EXERCISE
The lines to return run from the start of the material below through the line holding "クルーユニフォーム姿のハロー", both included; please give them back exactly, minus the pictures.

DATA SUPPLIED
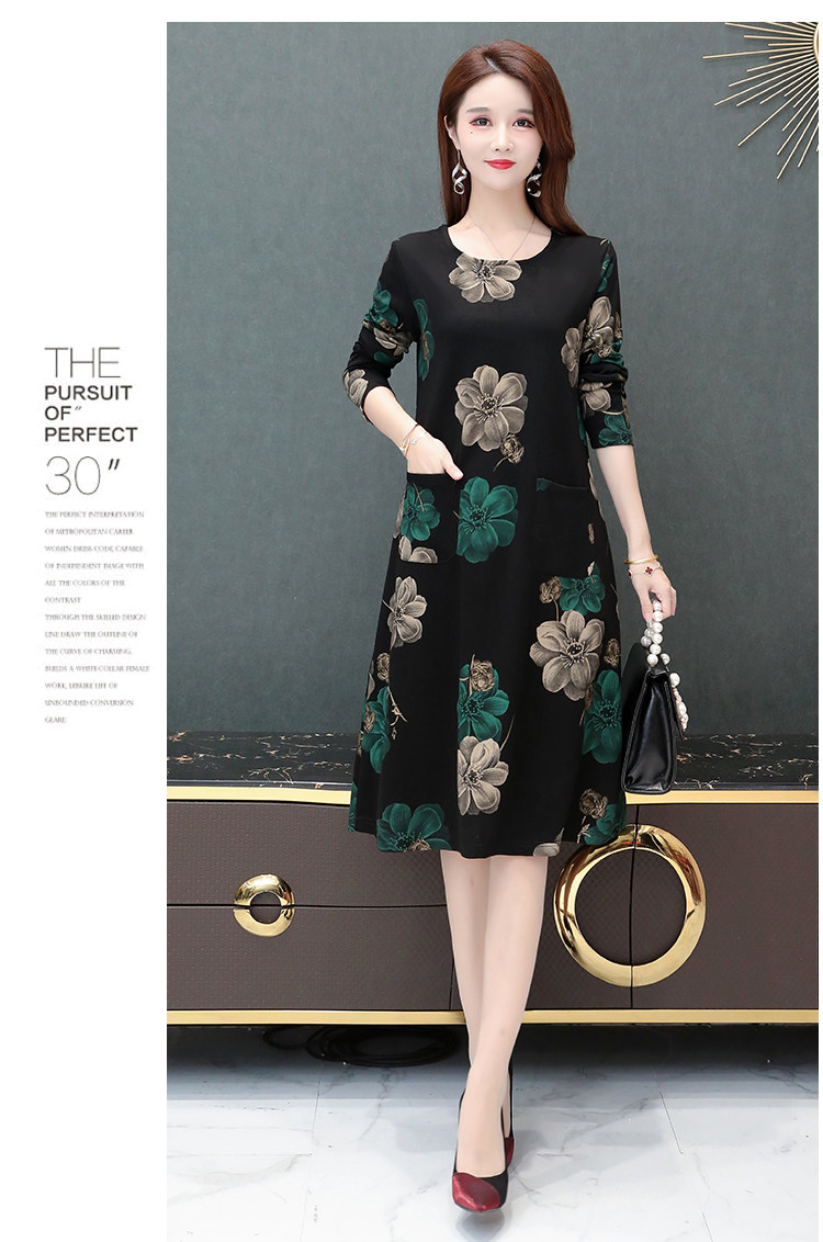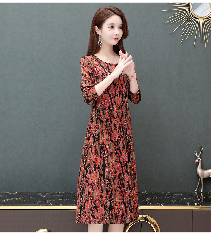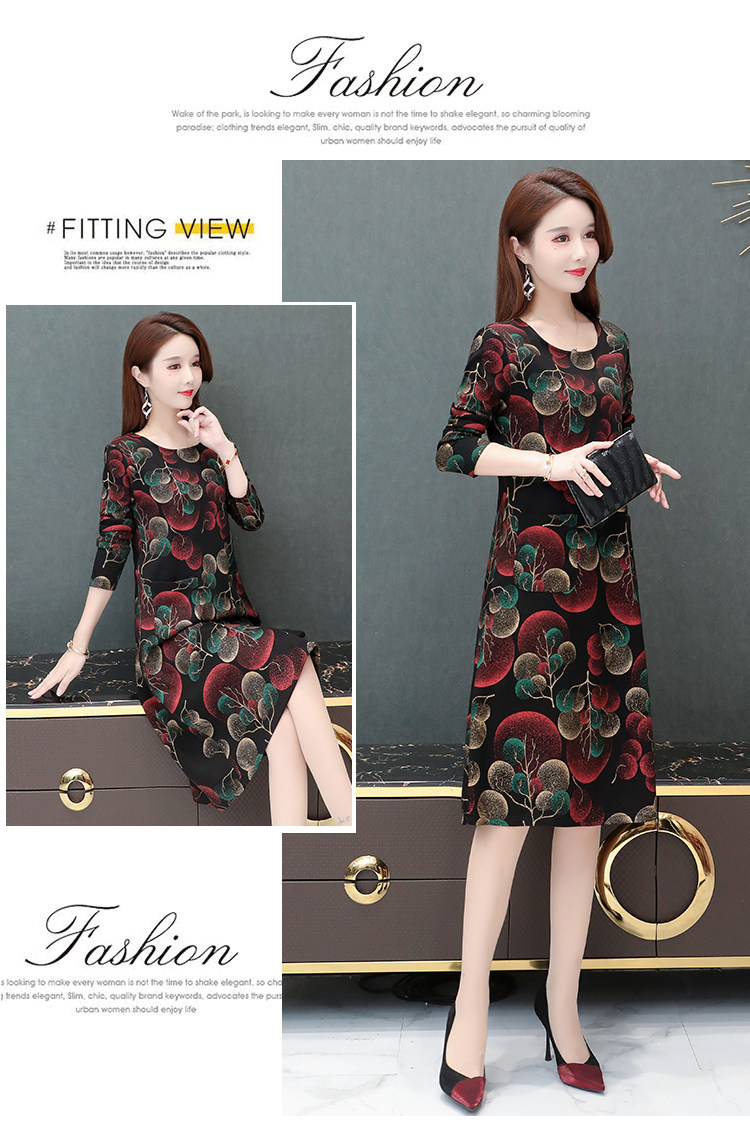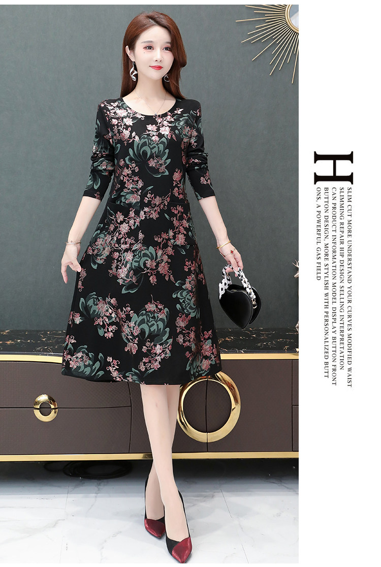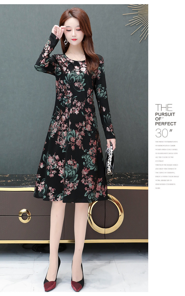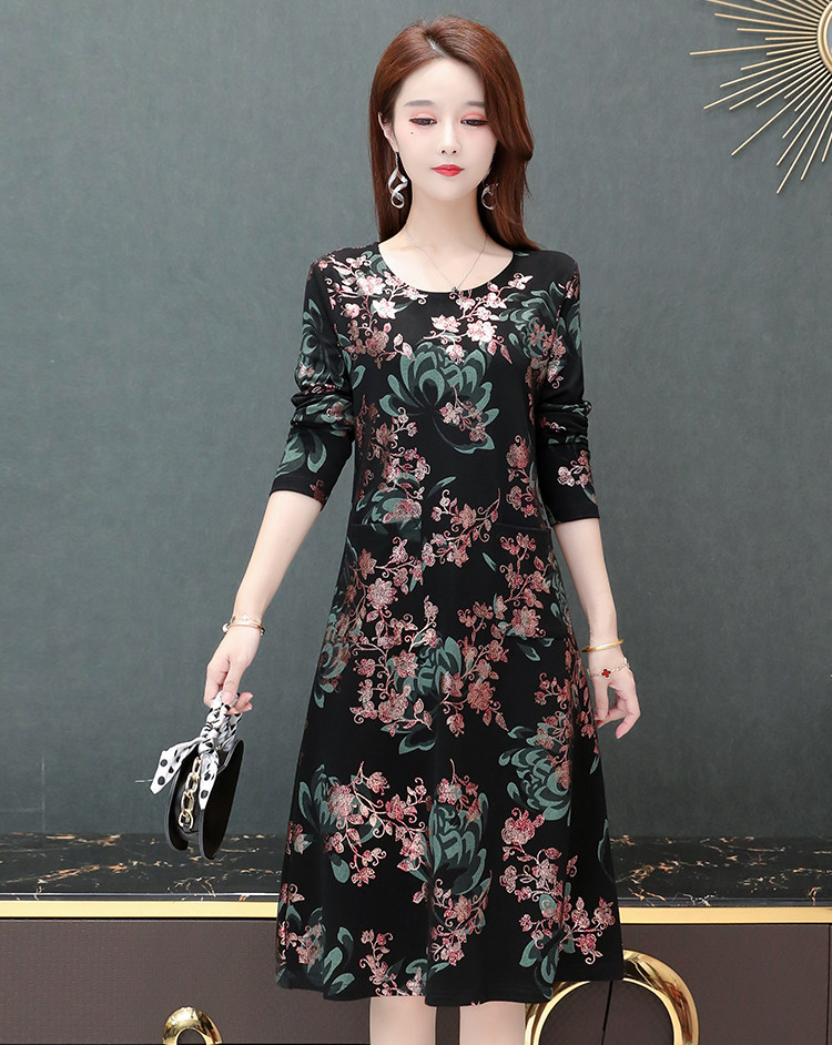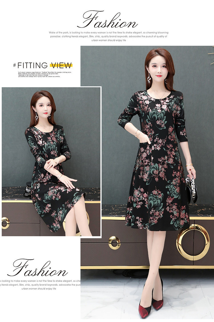 BCYD-YYL2258新款时尚气质百搭圆领中长款印花连衣裙
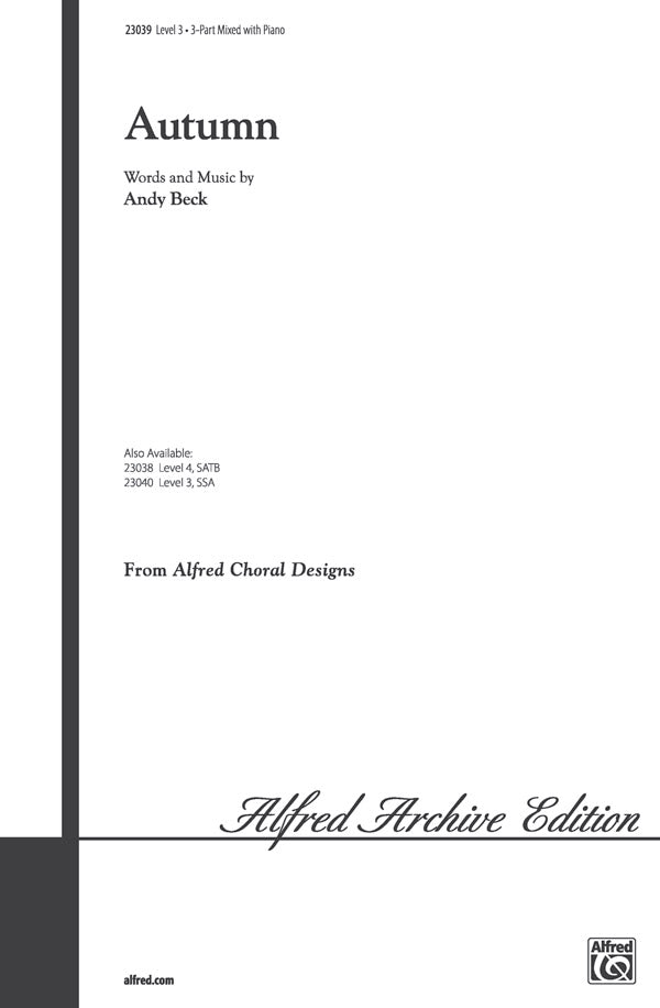 Here is a stunning choral work inspired by the beauty of an autumn day. A lyric melody, lush harmonies, and a poetic text are combined with a sensitive piano accompaniment to paint a colorful musical picture. You can almost see the leaves take flight when your choir sings the melodic refrain, and you will get a true sense of foliage falling layer upon layer as the second verse begins to echo and overlap. An expressive choral piece for concert and contest.
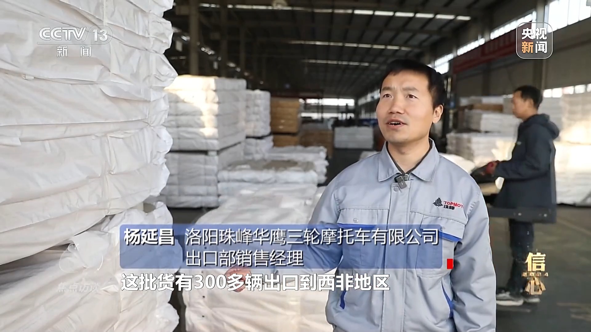 洛陽珠峰華鷹三輪摩托車有限公司出口部銷售經理 楊延昌:“這批貨有300多輛出口到西非地區,目前訂單量已經達到了3萬臺,排到了25年3月份。”
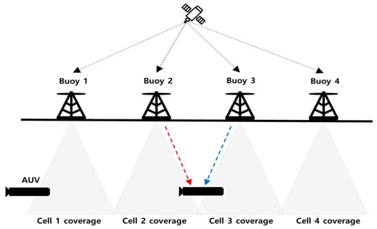 We assume that the surface buoys maintain connectivity with terrestrial base stations and can accurately estimate synchronization, analogous to the 1 PPS (pulse per second) signal from GPS satellites. Furthermore, we consider a situation akin to terrestrial cellular networks, where frequency resources and cell coverage are configured with distance-dependent power assignment to minimize signal interference (Figure 1).
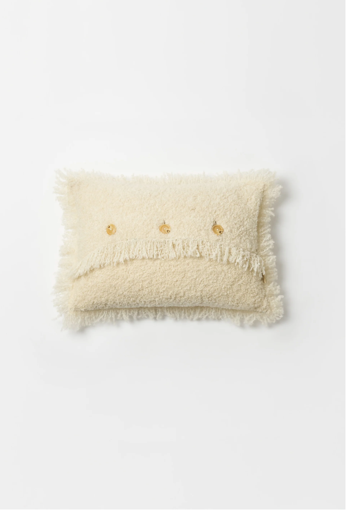 Crafted from the finest natural wool, our cushions feature short fringes around all edges, elegant backside buttons, and a recycled filling for a sustainable touch. With its soft texture and timeless design, it brings effortless bohemian charm to any space.
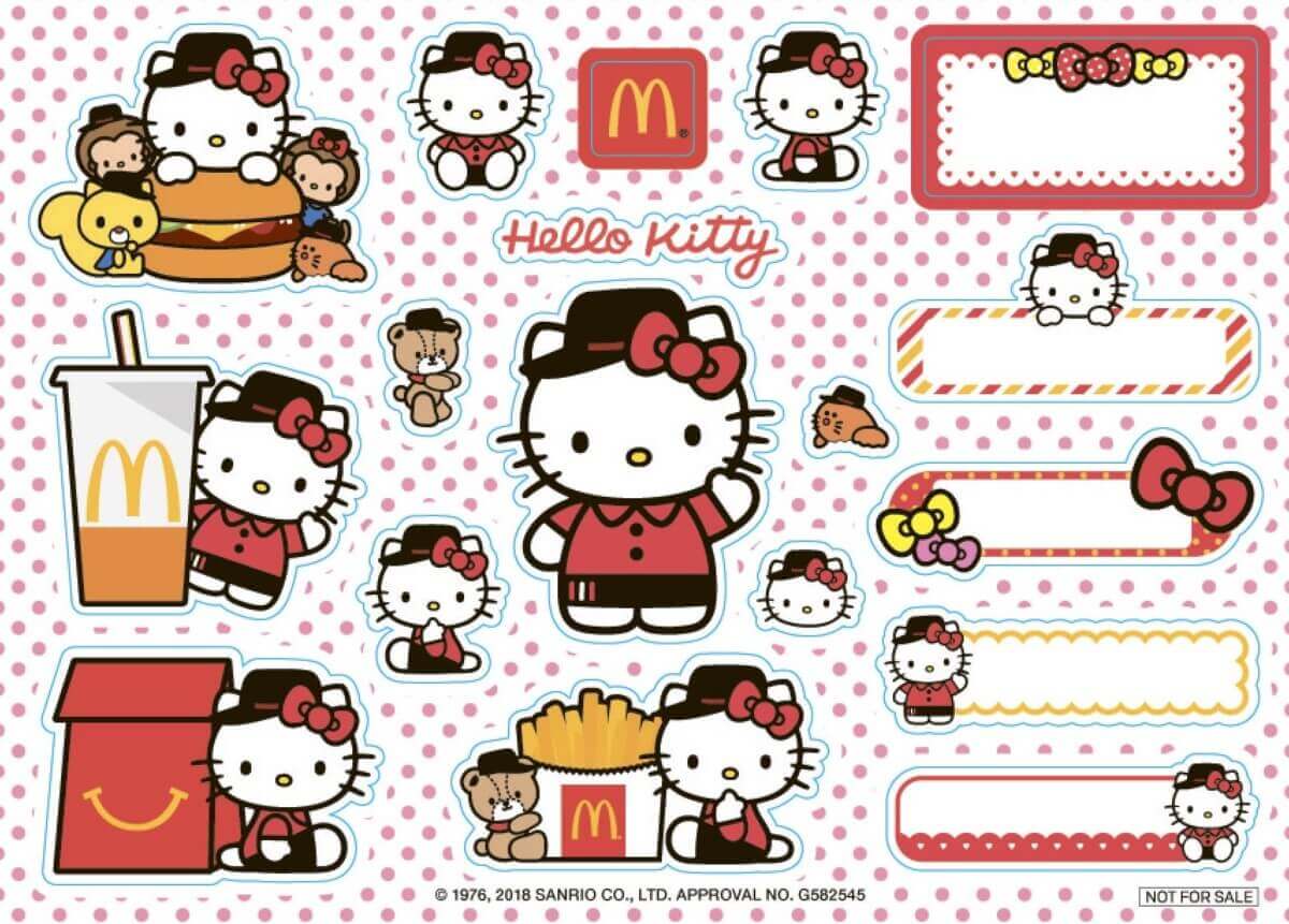 クルーユニフォーム姿のハローキティとその仲間たちが、ハンバーガーやマックフライポテト、ドリンクカップと一緒になったオリジナルコラボシール。
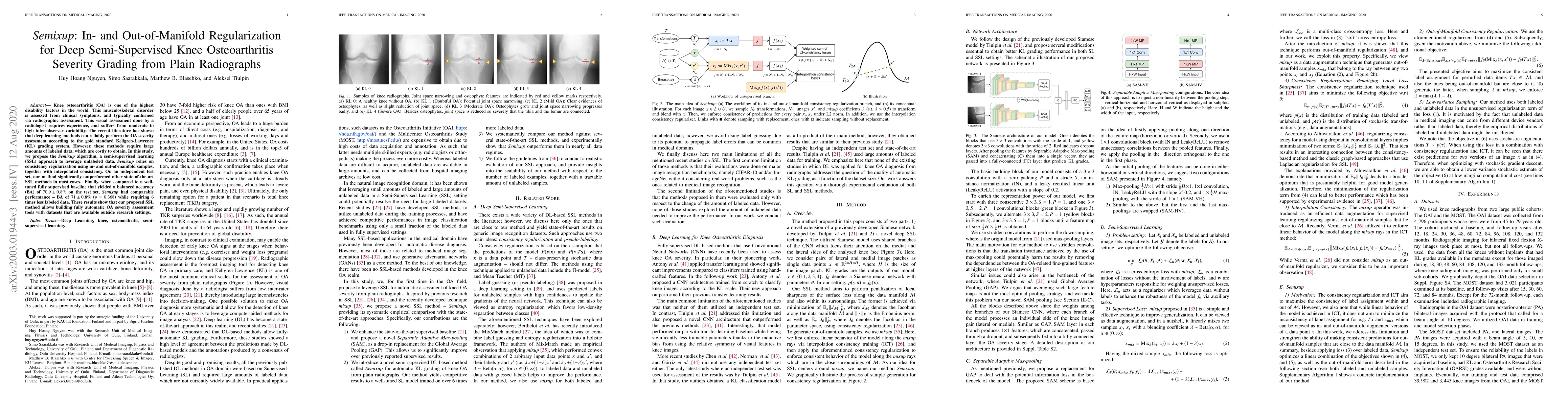 Knee osteoarthritis (OA) is one of the highest disability factors in the world. This musculoskeletal disorder is assessed from clinical symptoms, and typically confirmed via radiographic assessment. This visual assessment done by a radiologist requires experience, and suffers from moderate to high inter-observer variability. The recent literature has shown that deep learning methods can reliably perform the OA severity assessment according to the gold standard Kellgren-Lawrence (KL) grading system. However, these methods require large amounts of labeled data, which are costly to obtain. In this study, we propose the Semixup algorithm, a semi-supervised learning (SSL) approach to leverage unlabeled data. Semixup relies on consistency regularization using in- and out-of-manifold samples, together with interpolated consistency. On an independent test set, our method significantly outperformed other state-of-the-art SSL methods in most cases. Finally, when compared to a well-tuned fully supervised baseline that yielded a balanced accuracy (BA) of $70.9\pm0.8%$ on the test set, Semixup had comparable performance -- BA of $71\pm0.8%$ $(p=0.368)$ while requiring $6$ times less labeled data. These results show that our proposed SSL method allows building fully automatic OA severity assessment tools with datasets that are available outside research settings.
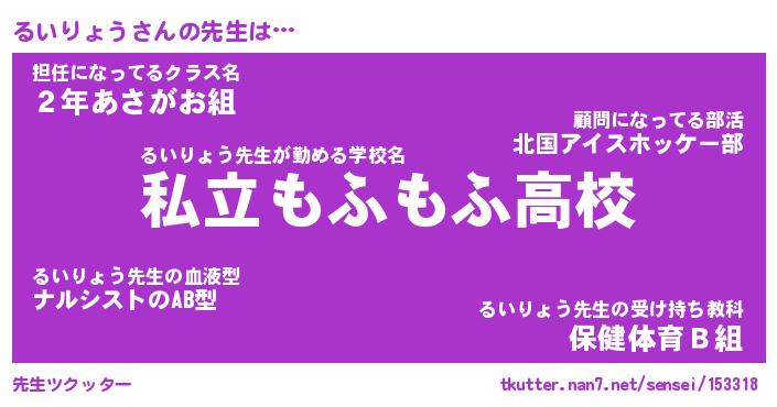 | ヘコむあだ名 | 『るいにゅー』『なまこ酢』『るいお』 |
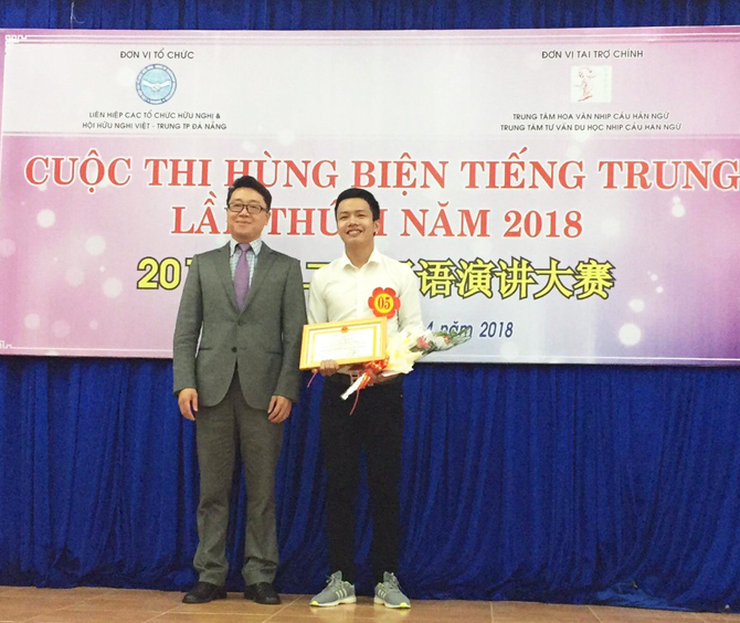 Trao giải Ba cho thí sinh Phạm Đức Tài - Lớp 16TT, Khoa tiếng Trung Trường Đại học Kiến trúc Đà Nẵng

ANSWER FOR THE TASK
 BCYD-YYL2258新款时尚气质百搭圆领中长款印花连衣裙
 Here is a stunning choral work inspired by the beauty of an autumn day. A lyric melody, lush harmonies, and a poetic text are combined with a sensitive piano accompaniment to paint a colorful musical picture. You can almost see the leaves take flight when your choir sings the melodic refrain, and you will get a true sense of foliage falling layer upon layer as the second verse begins to echo and overlap. An expressive choral piece for concert and contest.
 洛陽珠峰華鷹三輪摩托車有限公司出口部銷售經理 楊延昌:“這批貨有300多輛出口到西非地區,目前訂單量已經達到了3萬臺,排到了25年3月份。”
 We assume that the surface buoys maintain connectivity with terrestrial base stations and can accurately estimate synchronization, analogous to the 1 PPS (pulse per second) signal from GPS satellites. Furthermore, we consider a situation akin to terrestrial cellular networks, where frequency resources and cell coverage are configured with distance-dependent power assignment to minimize signal interference (Figure 1).
 Crafted from the finest natural wool, our cushions feature short fringes around all edges, elegant backside buttons, and a recycled filling for a sustainable touch. With its soft texture and timeless design, it brings effortless bohemian charm to any space.
 クルーユニフォーム姿のハローキティとその仲間たちが、ハンバーガーやマックフライポテト、ドリンクカップと一緒になったオリジナルコラボシール。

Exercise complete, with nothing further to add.